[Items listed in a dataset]
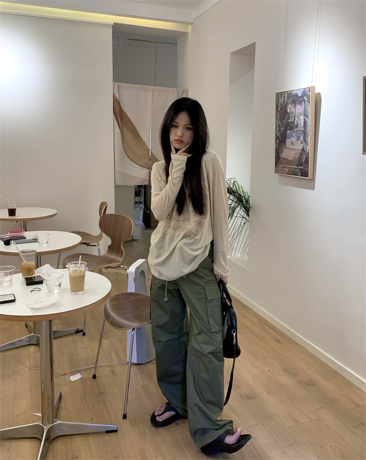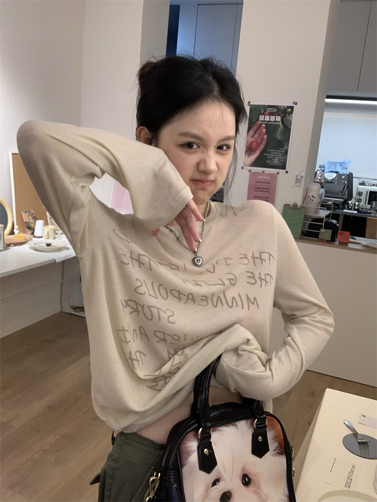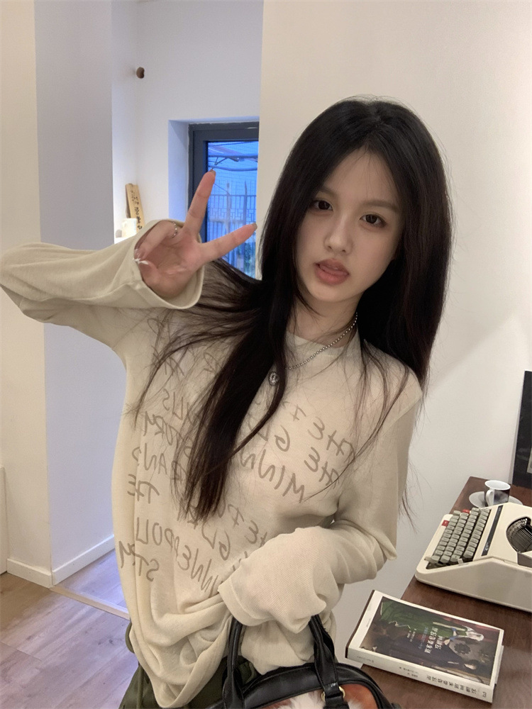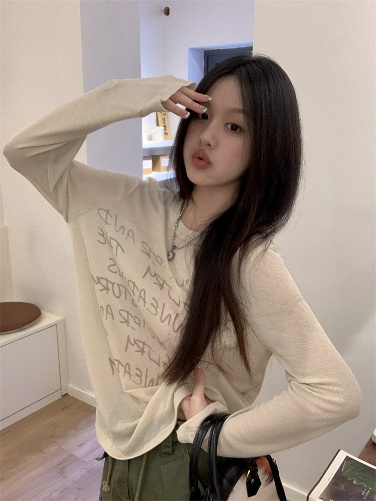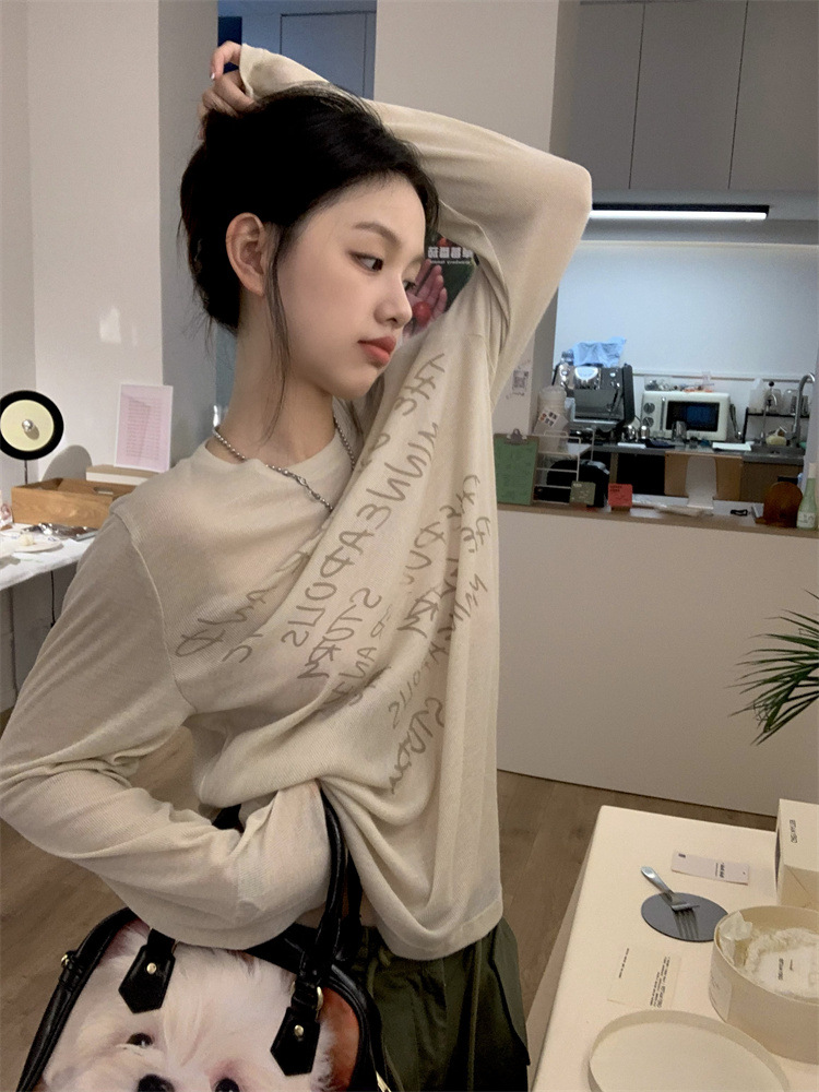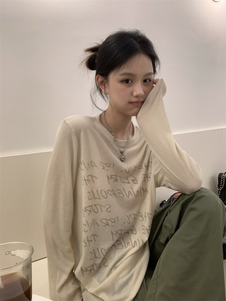 JMA-430 慵懒风设计感薄款长袖防晒罩衫女夏季宽松中长款休闲T恤打底上衣
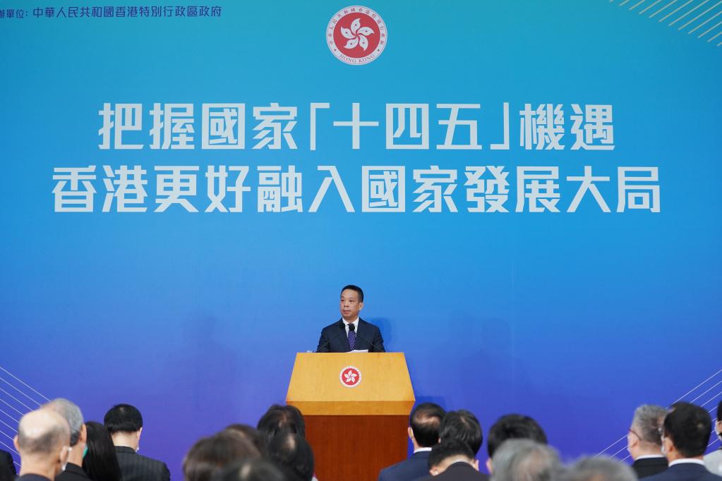 宁吉喆通过视频致辞表示,国家“十四五”期间将为香港发展给予更大支持,相信香港通过不断挖掘新的优势,将在金融服务、数字转型、国际贸易、创新科技 、绿色发展等领域获得更多机遇,实现更大发展。发改委将全力支持香港参与粤港澳大湾区建设和共建“一带一路”,促进香港更好融入国家发展大局。期待香港以“更加积极的姿态拥抱国家‘十四五’规划,成为国内大循环的‘参与者’和国内国际双循环的‘促进者’,抓住更多机遇、发挥更大作用,开创香港发展新局面。”
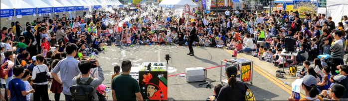 14일 오전에는 예술인과 함께 에코아트·창의예술 체험 및 발명 퀴즈왕 선발대회, 신나는창의발명한마당을 비롯해 이색자전거 타고 동네한바퀴, 버블쇼와 댄스릴레이(힙합, 재즈, 케이팝)등 가족 단위의 방문객들이 함께 어울리고 즐기는 프로그램으로 풍성했다.
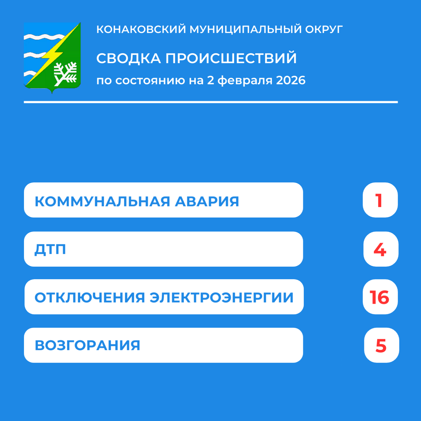 По информации Единой дежурной диспетчерской службы (ЕДДС) Конаковского муниципального округа, за прошедшую неделю с 26 января по 1 февраля 2026 года в округе произошло: 16 аварийных отключений электроснабжения, поступило 265 заявок на чистку снега, случилось 5 пожаров (пострадавших нет), 1 коммунальная авария и 4 ДТП (3 погибших). Информация актуальна на 8:00 2 февраля 2026 г.
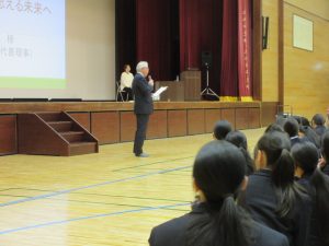 親を頼ることができない若者たちを幅広く支援されてこられた山下様のメッセージは心に響きました。講演の最後に、「自分の人生で大切なことを決めるときあなたの気持ち・思いはとても大切、あなたの人生の主役はあなた、生まれるために生まれてきた大切な存在、自分の人生、自分の命を大切に」と締めくくられました。講演を受けて高校生徒会長の西島さんがお礼の言葉を述べました。
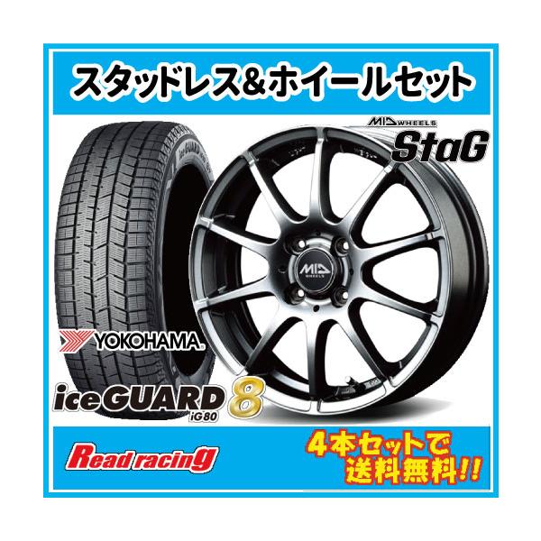 軽量モデル MID STAG 15X5.5J 4H/100 +45 ヨコハマ アイスガード8 IG80 185/65R15 88Q 4本以上で送料無料!!

EXERCISE>
Copy word for word only the lines above from the one with "宁吉喆通过视频致辞表示,国家" through the one with "親を頼ることができない若者た". Leave pictures out.

ANSWER SPACE>
 宁吉喆通过视频致辞表示,国家“十四五”期间将为香港发展给予更大支持,相信香港通过不断挖掘新的优势,将在金融服务、数字转型、国际贸易、创新科技 、绿色发展等领域获得更多机遇,实现更大发展。发改委将全力支持香港参与粤港澳大湾区建设和共建“一带一路”,促进香港更好融入国家发展大局。期待香港以“更加积极的姿态拥抱国家‘十四五’规划,成为国内大循环的‘参与者’和国内国际双循环的‘促进者’,抓住更多机遇、发挥更大作用,开创香港发展新局面。”
 14일 오전에는 예술인과 함께 에코아트·창의예술 체험 및 발명 퀴즈왕 선발대회, 신나는창의발명한마당을 비롯해 이색자전거 타고 동네한바퀴, 버블쇼와 댄스릴레이(힙합, 재즈, 케이팝)등 가족 단위의 방문객들이 함께 어울리고 즐기는 프로그램으로 풍성했다.
 По информации Единой дежурной диспетчерской службы (ЕДДС) Конаковского муниципального округа, за прошедшую неделю с 26 января по 1 февраля 2026 года в округе произошло: 16 аварийных отключений электроснабжения, поступило 265 заявок на чистку снега, случилось 5 пожаров (пострадавших нет), 1 коммунальная авария и 4 ДТП (3 погибших). Информация актуальна на 8:00 2 февраля 2026 г.
 親を頼ることができない若者たちを幅広く支援されてこられた山下様のメッセージは心に響きました。講演の最後に、「自分の人生で大切なことを決めるときあなたの気持ち・思いはとても大切、あなたの人生の主役はあなた、生まれるために生まれてきた大切な存在、自分の人生、自分の命を大切に」と締めくくられました。講演を受けて高校生徒会長の西島さんがお礼の言葉を述べました。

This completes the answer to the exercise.